If he wasn't crying he was groaning and had a severe unhealthy attachment to me, he was put out of childcare at 10 months, my Dsis agreed to mind him she couldn't cope after 7 months I had to leave my job.

This continued to aggressive, stereotypical autistic behaviours, he is very antisocial and I fear he has a personality disorder not only autistic.

How do you know I don’t have “actual experiences”? You don’t. In fact I do. I am autistic and have autistic DC with EHCPs.

I am not dismissing or invalidating anyone. Pointing out they are wrong to think a diagnosis is necessary to be covered by the Equality Act or for support in schools is not dismissing or invalidating them. It is pointing out the law.

Yes, it is helpful to post what should happen because if one doesn’t know what should happen how on earth is one supposed to enforce your/DC’s rights and advocate for yourself/them. If I knew at the start everything I do now about what should happen our ‘journey’ through ‘the system’ would have been much easier and less work.

There is a vast gulf between what should and does happen.

Yes, parents have the right to and should challenge schools and local authorities when their child’s needs aren’t being met.

The reality is that many parents: don’t have the knowledge or information to do that; or don’t have the energy or time in as they have other children, full time jobs etc; aren’t educated, articulate, confident in challenging authorities; English isn’t their first language etc etc.

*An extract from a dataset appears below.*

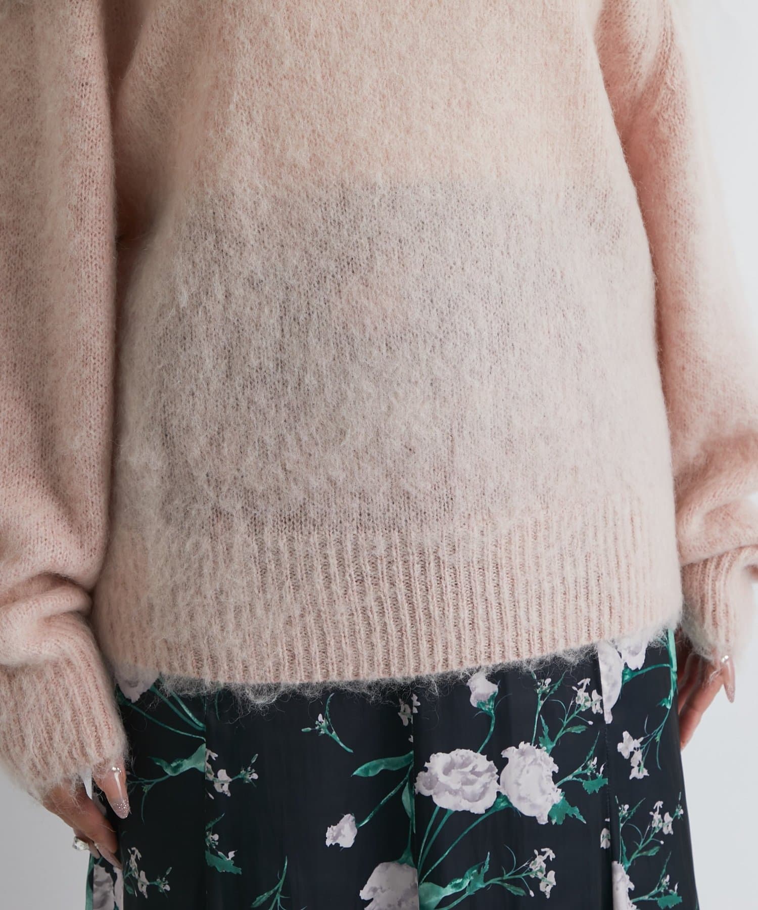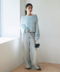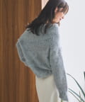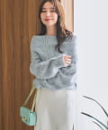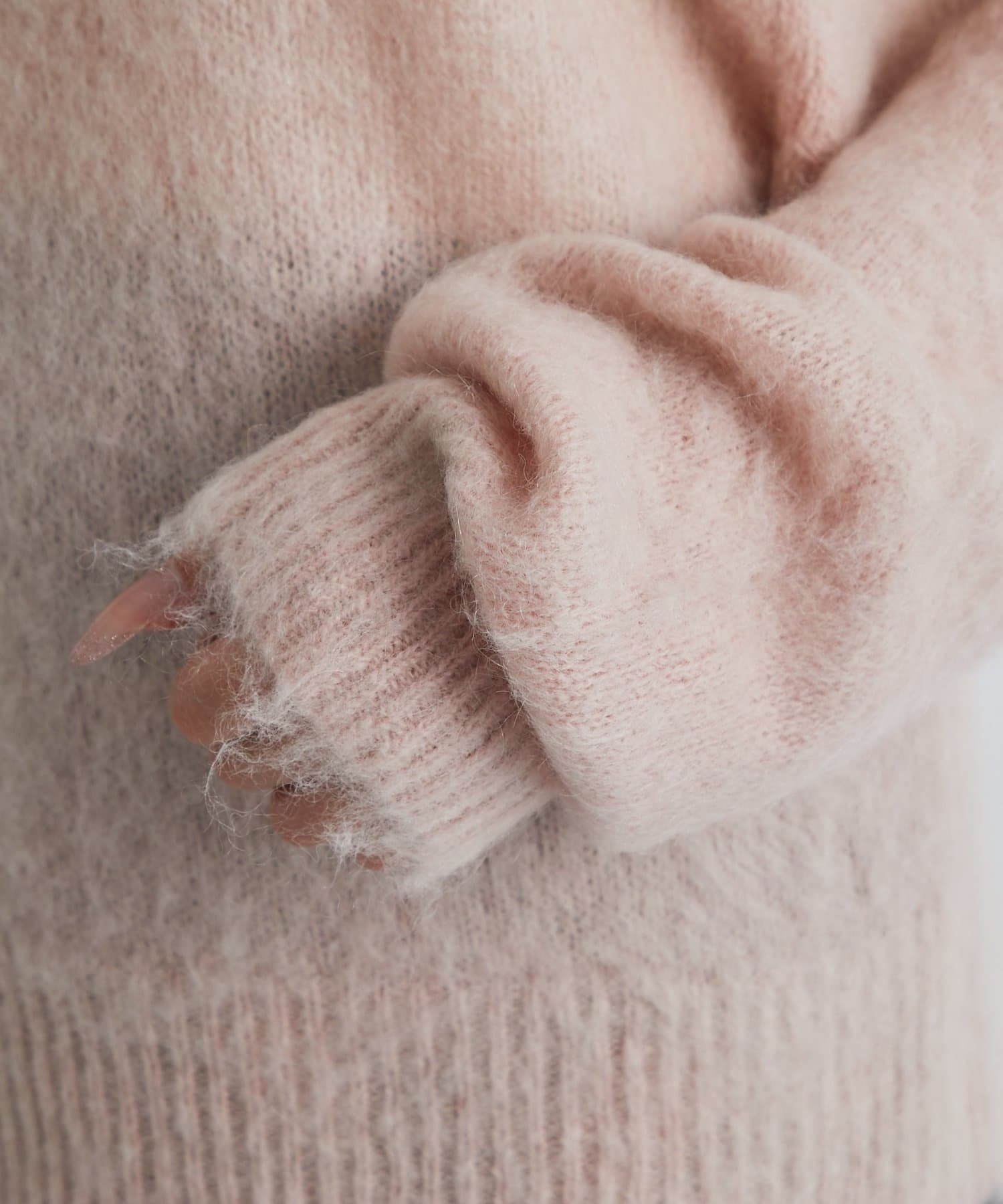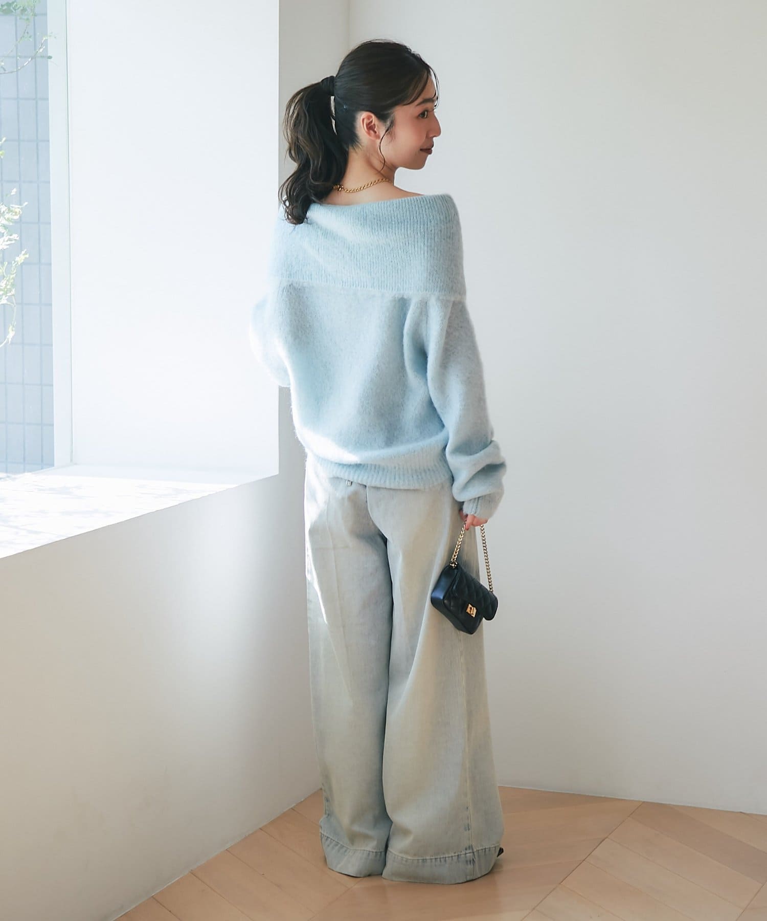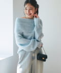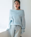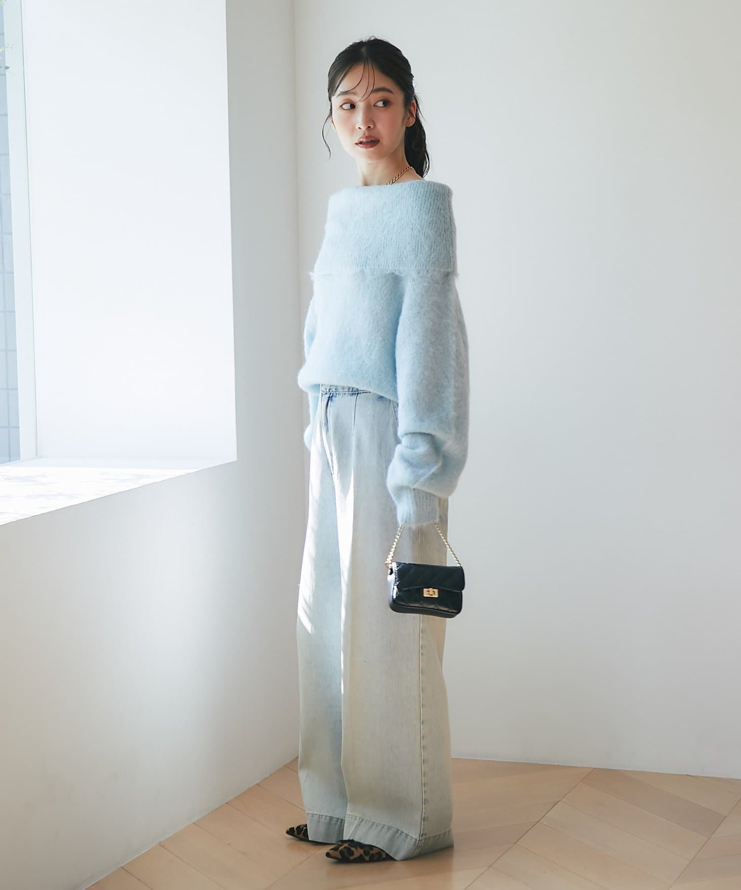 女性らしさが詰まった、毛足長めのふんわりオフショルニット。

I’m not talking out of my area, here. I’m SLT in a school. I also have a child with autism.
I’ve seen this from all sides, and it’s a system that isn’t fair and a lot of the time isn’t legal.

Schools, LAs, allied professional all know this. There is just very little anyone can do about it.

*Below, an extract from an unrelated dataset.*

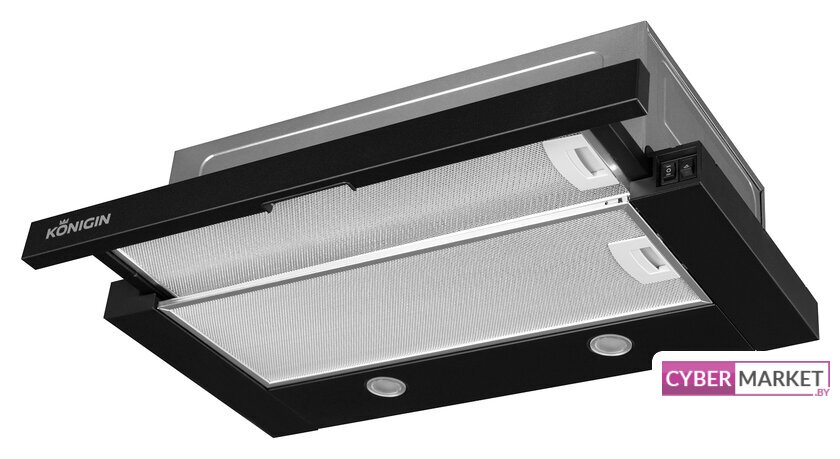 конструкция наклонная, монтаж настенный, ширина 59.8 см, управление поворотный переключатель, производительность мотора 950 м³/ч, цвет черный
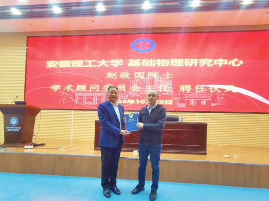 报告会开始之前,举行了基础物理研究中心学术顾问委员会主任聘任仪式。宫能平代表学校聘请赵政国院士担任基础物理研究中心首届学术顾问委员会主任,并为赵政国教授颁发聘书。

I had to lawyer up and raise merry hell to get my child the support he needed. Even then , it was very far from adequate. Without a diagnosis I would have had fuck all chance of getting what I did get, no matter what the law says.

Area = ARSE 🤪

@Haffiana

Thank you for recognising what that poster has been doing. Even when I said I felt I was being talked over and invalidated they came back to tell me they were not doing that - which actually proved they were doing exactly that.

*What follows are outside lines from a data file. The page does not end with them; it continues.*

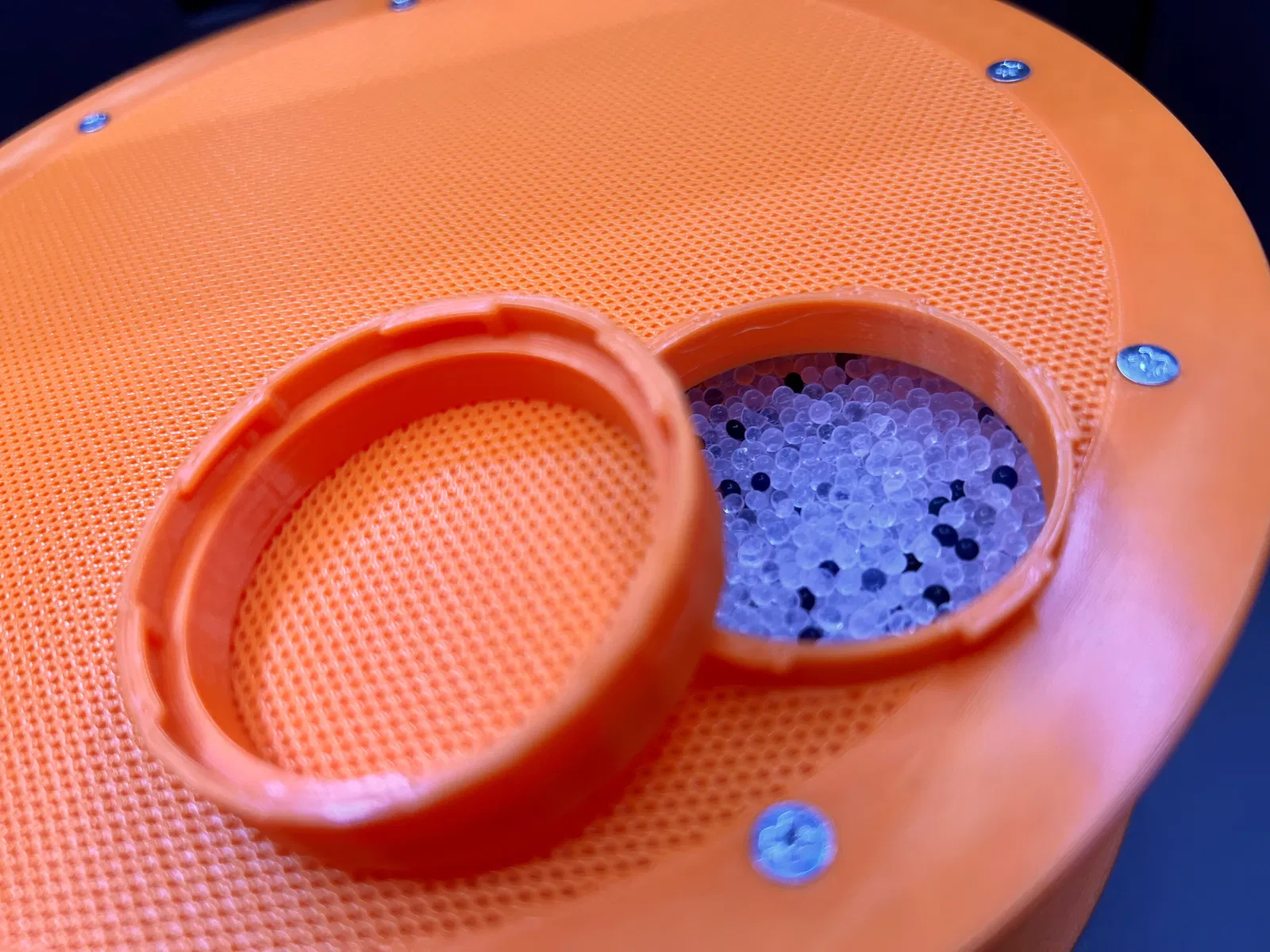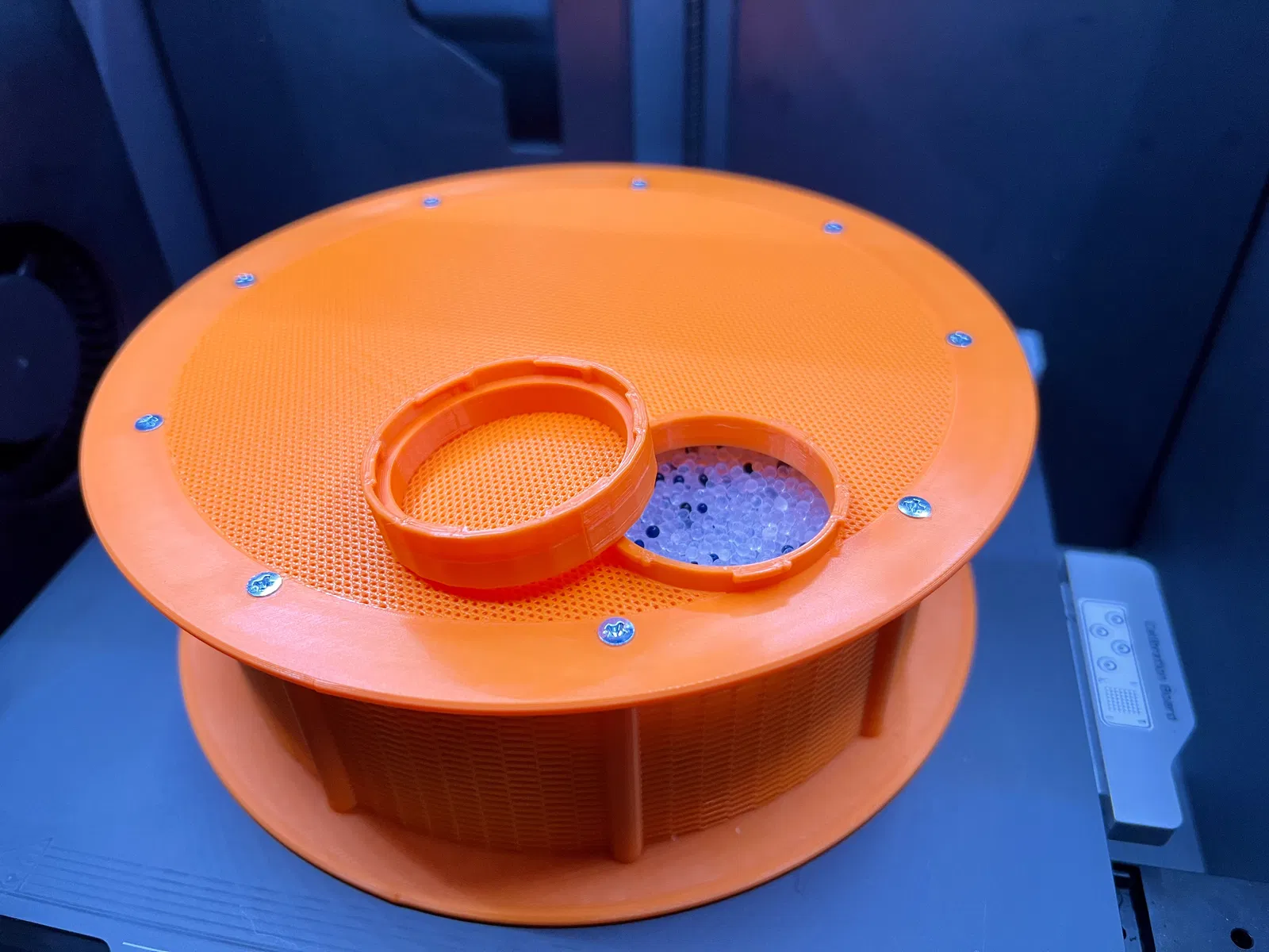 Thiết kế hộp đựng gel hút ẩm cỡ lớn theo dạng đan móc độc đáo. Hộp chắc chắn, chống đổ gel và thoáng khí, chứa được 1kg gel hút ẩm. Kích thước tương đương cuộn filament, có thể đặt vào khay AMS. Sử dụng vít M3.
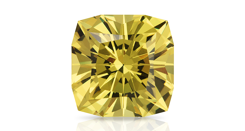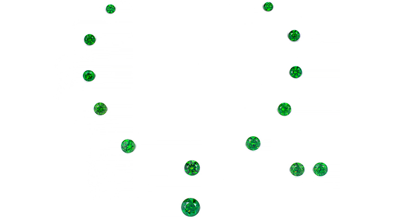 A suite of round brilliant Russian demantoid garnets weighing a total of 24.67 carats cut by Ruben Bindra of B&B Fine Gems was recognized with the design contest’s highest honor.
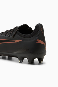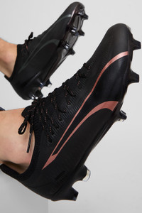 PRODUCT STORY Just when they think you couldn’t get any faster – you do. With its fully engineered, lightweight ULTRAWEAVE upper, ULTRA ULTIMATE takes its signature speed and acceleration to the next level. The application of PWRTAPE draws from the anatomy of the human foot to provide natural support for quick changes of pace and direction. Dual-density SPEEDPLATE makes it official: ULTRA is Too Fast for Them. FEATURES & BENEFITS - The upper of this shoe is made with at least 20% recycled materials as a step toward a better future - ULTRAWEAVE: Ultra-light, engineered fabric with a structured, 4-way stretch that reduces weight and friction. Built for athletes looking to increase speed and strength - PWRTAPE: Targeted upper reinforcement for support and durability DETAILS - Style: 107744_02 - Color: PUMA Black-Copper Rose - Minimum weight for maximum speed with the re-engineered high-performance ULTRAWEAVE upper material - PWRTAPE provides natural support and stability for quick changes of pace and direction - Lightweight removable sockliner with NanoGrip technology keeps the foot from slipping inside the cleat - Dual-density SPEEDPLATE outsole for next-level traction and propulsion - FG/AG: Firm ground/Artificial ground outsole - Regular to narrow fit MATERIAL INFORMATION - Sockliner: 100% Textile - Outsole: 100% Synthetic - Upper: 86.20% Synthetic, 13.80% Textile - Lining: 66.40% Textile, 33.60% Synthetic

I had to step away from that interaction because no matter what I said it was rubbished in favour of 'the law' - the law is all good and well but realistically people have to fight hard for support even WITH a diagnosis, we all know jack shit is happening for those without.

Laughable that someone thinks I could walk into work and ask for adjustments with absolutely no evidence of needing them. This is why I don't work by the way, because I did not have the understanding or support that I so desperately needed. The law

The reality is that many parents: don’t have the knowledge or information to do that; or don’t have the energy or time in as they have other children, full time jobs etc; aren’t educated, articulate, confident in challenging authorities; English isn’t their first language etc etc.

I agree, DC whose parents who know the system and can advocate for them get better support. Which is why it is important parents know what should be happening because if they don’t know what should happen it makes the situation even harder. All parents should be supported to challenge schools and LAs. There is help out there parents can access for help, e.g. there are charities that can help (including by funding independent assessments or providing a caseworker), there are many groups within the ‘SEN community’ that can support, many parents don’t realise they may be eligible for Legal Aid… Assessments such as Ed psych/SALT/OT can all evidence needs without a diagnosis.

^ This.

Posters can bang on all they like about the law, but the reality is that there is NO FUNDING. My child's previous mainstream headteacher has been told there is no additional funding and no additional special school places. Every child is expected to remain in mainstream. People have no idea about the reality of SEND provision. The latest teacher pay rises that schools have been told must come out of existing budgets are also having a huge impact. The highest band of ehcp funding is an additional £6k. How far do you think this goes on funding an additional TA? It's an awful situation, at least in England. I thank my lucky stars that my child's specialist placement was agreed last year.